- **EXERCISE**
Down to the last line, repeat the entries exactly and drop any image.

- **RECORDS SHOWN**
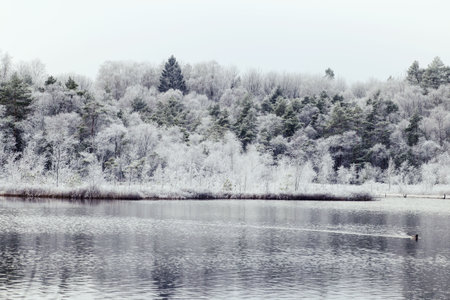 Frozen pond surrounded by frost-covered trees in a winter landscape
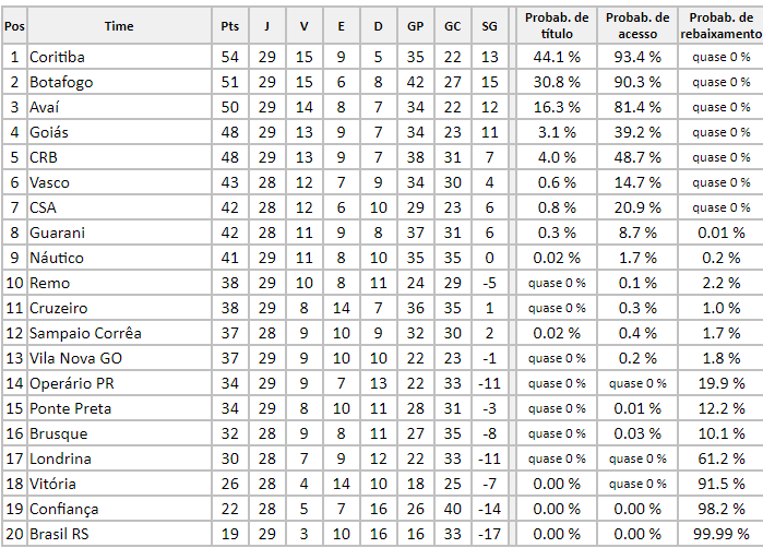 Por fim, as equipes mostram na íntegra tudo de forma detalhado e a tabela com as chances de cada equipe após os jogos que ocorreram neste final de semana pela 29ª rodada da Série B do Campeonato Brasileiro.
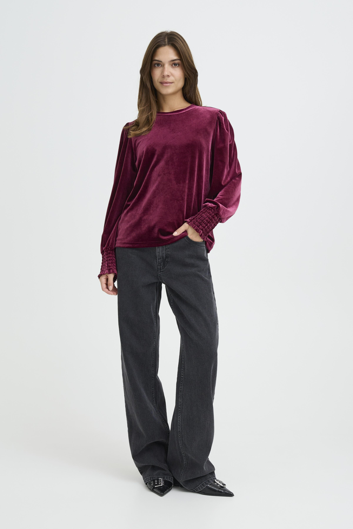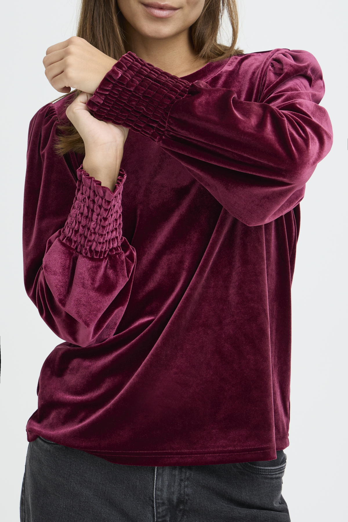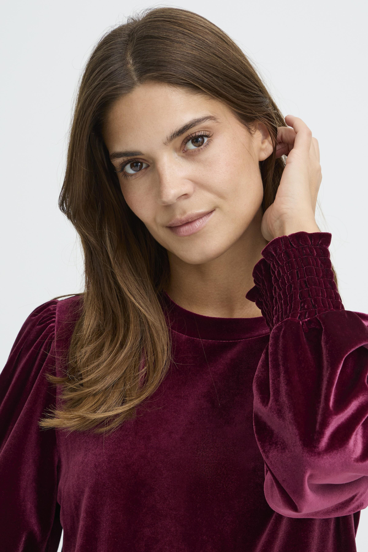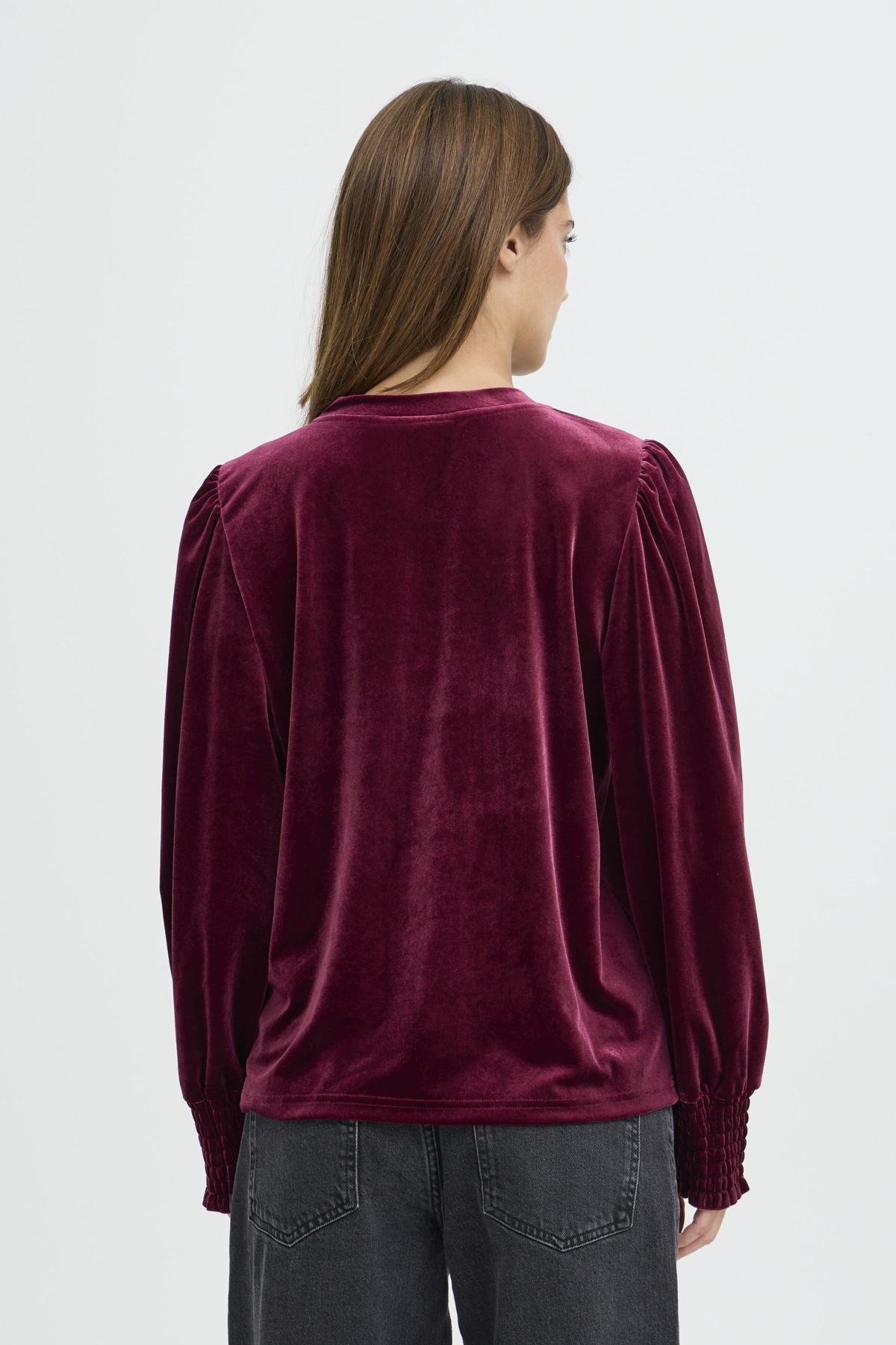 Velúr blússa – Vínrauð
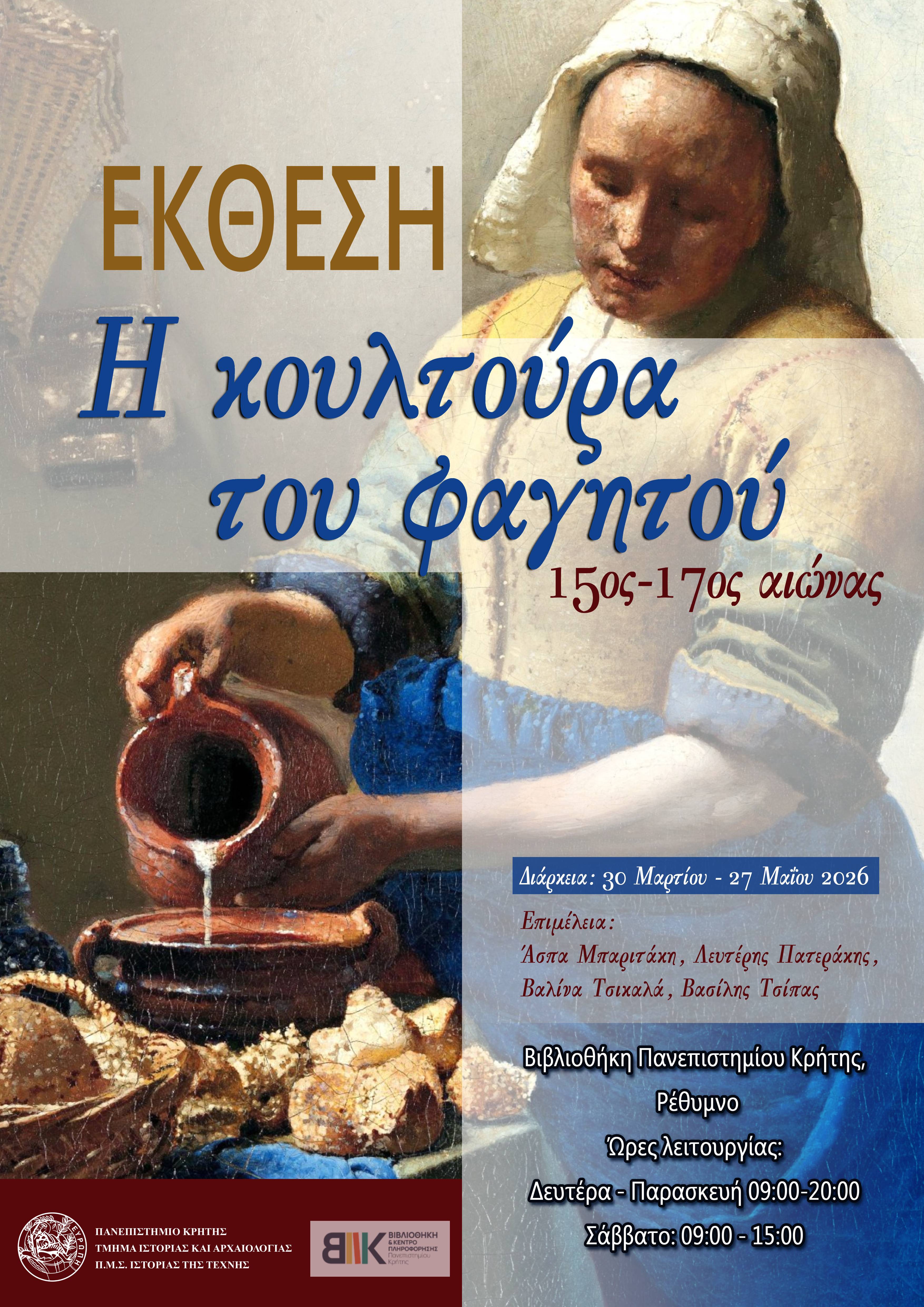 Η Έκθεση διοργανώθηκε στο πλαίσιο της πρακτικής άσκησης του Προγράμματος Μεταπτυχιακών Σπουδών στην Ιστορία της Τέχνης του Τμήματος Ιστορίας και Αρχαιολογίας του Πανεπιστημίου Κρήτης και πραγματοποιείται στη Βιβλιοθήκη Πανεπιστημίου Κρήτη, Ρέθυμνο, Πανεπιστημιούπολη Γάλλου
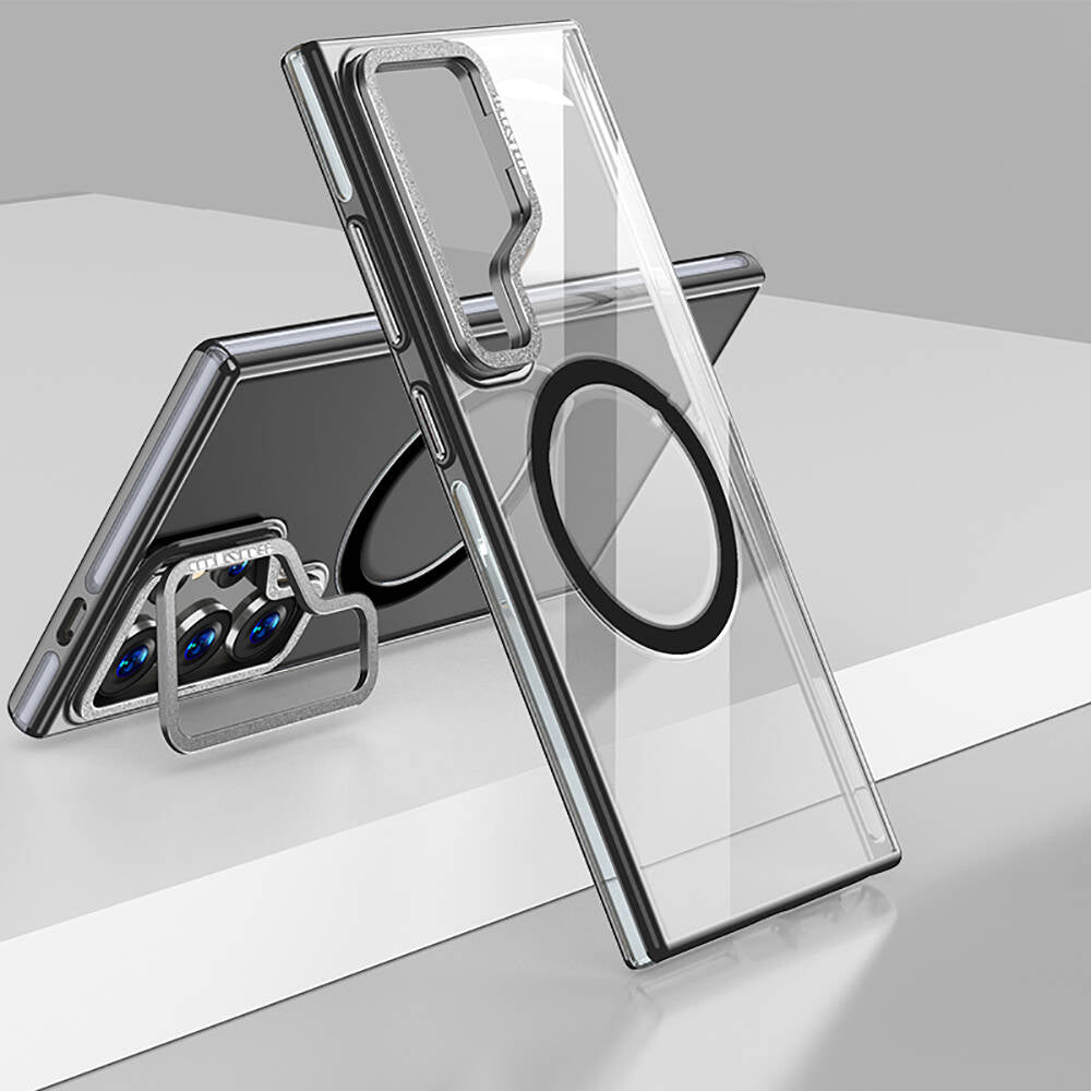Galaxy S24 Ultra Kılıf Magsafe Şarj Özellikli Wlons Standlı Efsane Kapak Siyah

- **WRITTEN RESPONSE**
 Frozen pond surrounded by frost-covered trees in a winter landscape
 Por fim, as equipes mostram na íntegra tudo de forma detalhado e a tabela com as chances de cada equipe após os jogos que ocorreram neste final de semana pela 29ª rodada da Série B do Campeonato Brasileiro.
 Velúr blússa – Vínrauð
 Η Έκθεση διοργανώθηκε στο πλαίσιο της πρακτικής άσκησης του Προγράμματος Μεταπτυχιακών Σπουδών στην Ιστορία της Τέχνης του Τμήματος Ιστορίας και Αρχαιολογίας του Πανεπιστημίου Κρήτης και πραγματοποιείται στη Βιβλιοθήκη Πανεπιστημίου Κρήτη, Ρέθυμνο, Πανεπιστημιούπολη Γάλλου
Galaxy S24 Ultra Kılıf Magsafe Şarj Özellikli Wlons Standlı Efsane Kapak Siyah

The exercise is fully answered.